I agree with the comments: in practice catching and handling SIGSEGV
is often a bad thing.
And SIGSEGV
is delivered to a specific thread (see this), the one running the machine instruction which accessed to some illegal address.
So you cannot run a thread dedicated to catching SIGSEGV
in other threads. And you probably could not easily use signalfd(2) for SIGSEGV
...
Catching (and returning normally from its signal handler) SIGSEGV
is a complex and processor specific thing (it cannot be "portable C code"). You need to inspect and alter the machine state in the handler, that is either modify the address space (by calling mmap(2) etc...) or modify the register state of the current thread.
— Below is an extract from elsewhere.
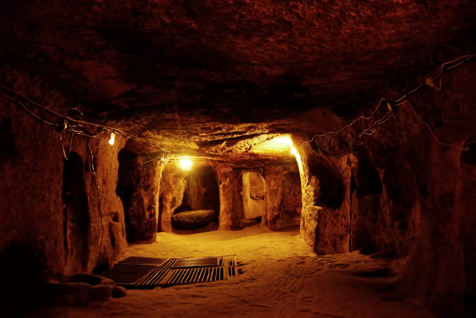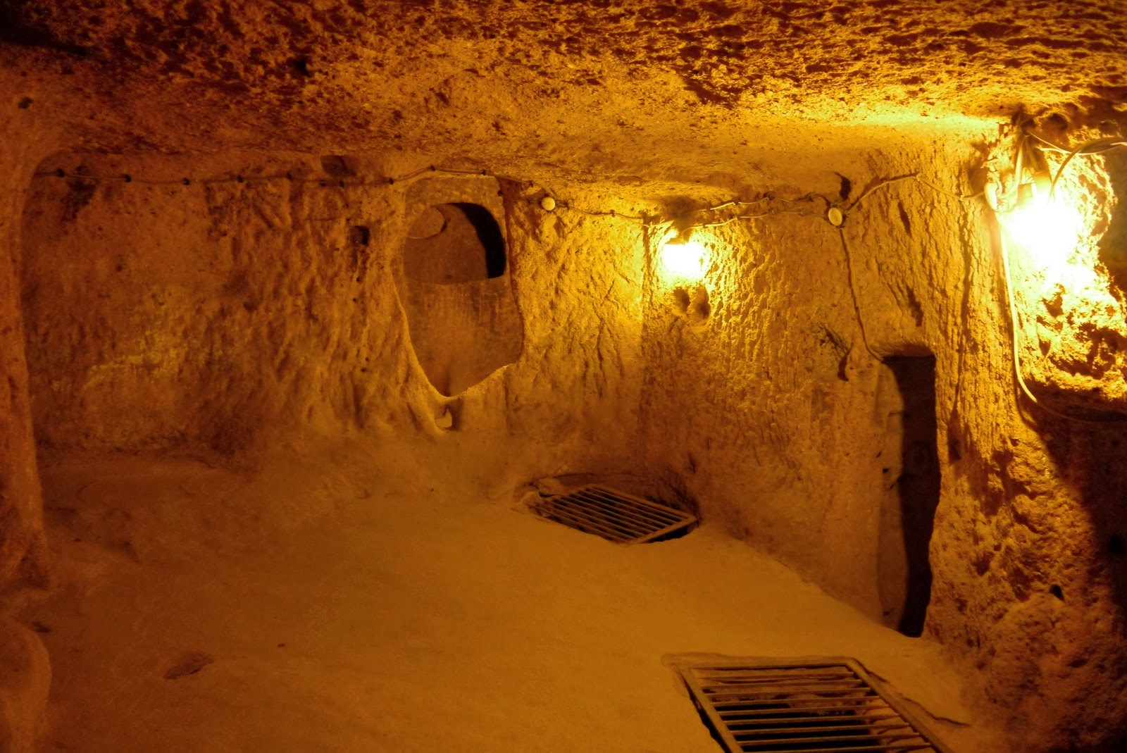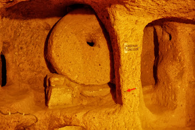 Guides were there, ready to take people on tour and trying to convince us that without a guide we were not going to understand any of it. We politely declined and bought our tickets. The tour is clearly indicated with arrows once you are inside. At the same moment we started our descent, a big group walked by us. During our exploration of Kaymakli, we saw many tour groups. They were all going really fast, just walking by the rooms, not having much time to take good pictures or even try to imagine what was life like for persecuted Christians. We were glad we didn’t pay for a guide as they too were rushing their clients through. We spend a good amount of time in almost every rooms, looking at all the nooks and crannies, taking many pictures and even exploring paths that were not lit. Good thing we had brought our head lamp. We really enjoyed our tour but it probably wouldn’t be as fun if someone was claustrophobic! We had to walk bent over pretty much the entire tour as the rooms and passages were very small. After over an hour, we came back out and drove to Ihlara village to visit the valley and it’s many churches (pictures and story in the next post).

So use sigaction(2) with SA_SIGINFO
and change the machine specific state pointed by the third argument (of type ucontext_t*
) of the signal handler. Then dive into the processor specific uc_mcontext
field of it. Have fun changing individual registers, etc... If you don't alter the machine state of the faulty thread, execution is resumed (after returning from your SIGSEGV
handler) in the same situation as before, and another SIGSEGV
signal is immediately sent.... Or simply, don't return normally from a SIGSEGV
handler (e.g. use siglongjmp(3) or abort(3) or _exit(2) ...).
Even if you happen to do all this, it is rumored that Linux kernels are not extremely efficient on such executions. So it is rumored that trying to mimic Hurd/Mach external pagers this way on Linux is not very efficient. See this answer...
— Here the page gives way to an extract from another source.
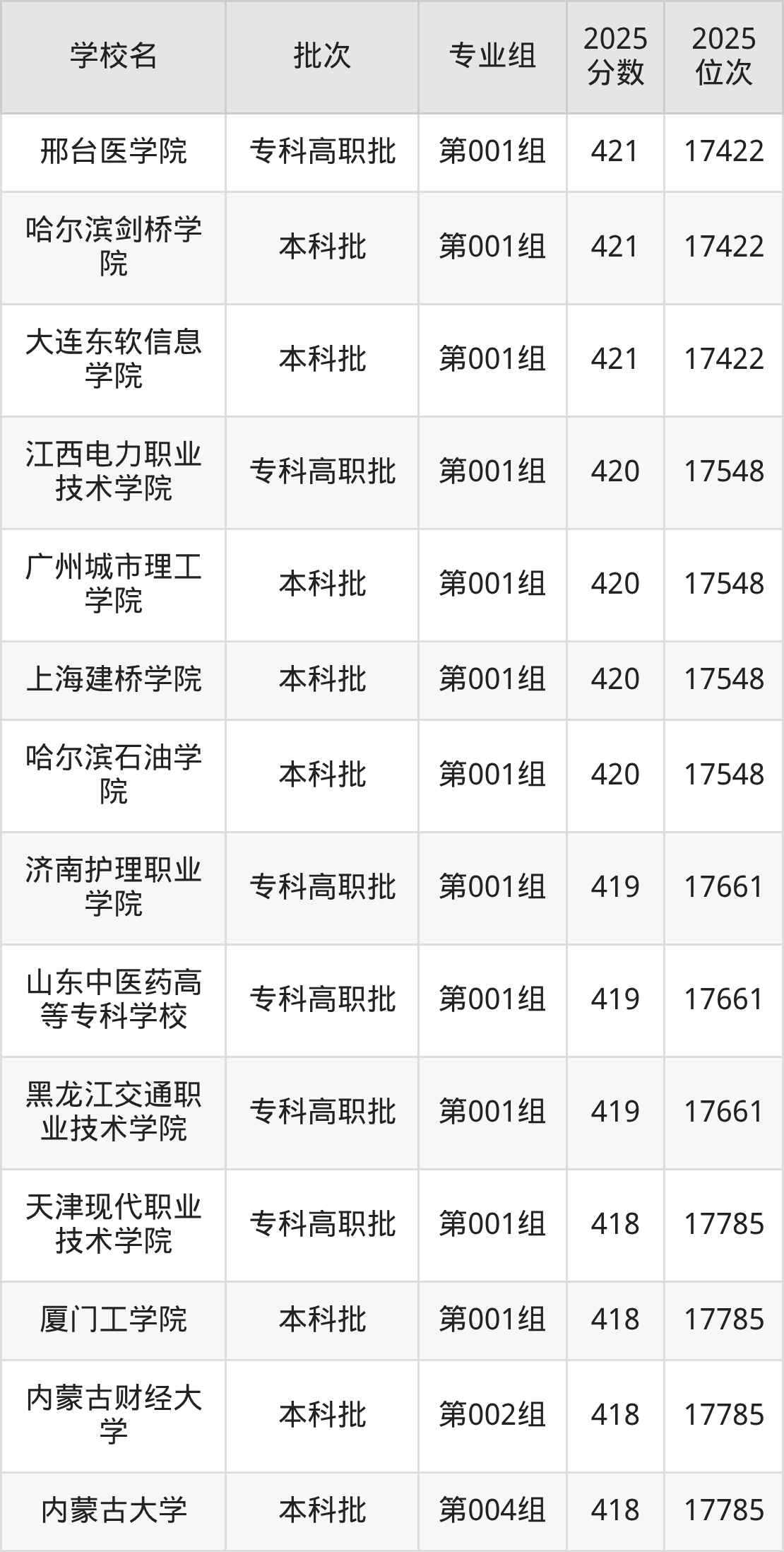 另外录取位次低于该区间(较稳妥)的有新疆天山职业技术大学第004组(17422名)、邢台医学院第001组(17422名)等;录取位次高于该区间(可冲)的有天津天狮学院第001组(17189名)、抚州医药学院第001组(17076名)等。

Of course signal handlers should call only (see signal(7) for more) async-signal-safe functions. In particular, you cannot in principle call fprintf
from them (and you might not be able to use reliably your logging system, but it could work in most but not all cases).
What I said on SIGSEGV
also holds for SIGBUS
and SIGFPE
(and other thread-specific asynchronous signals, if they exist).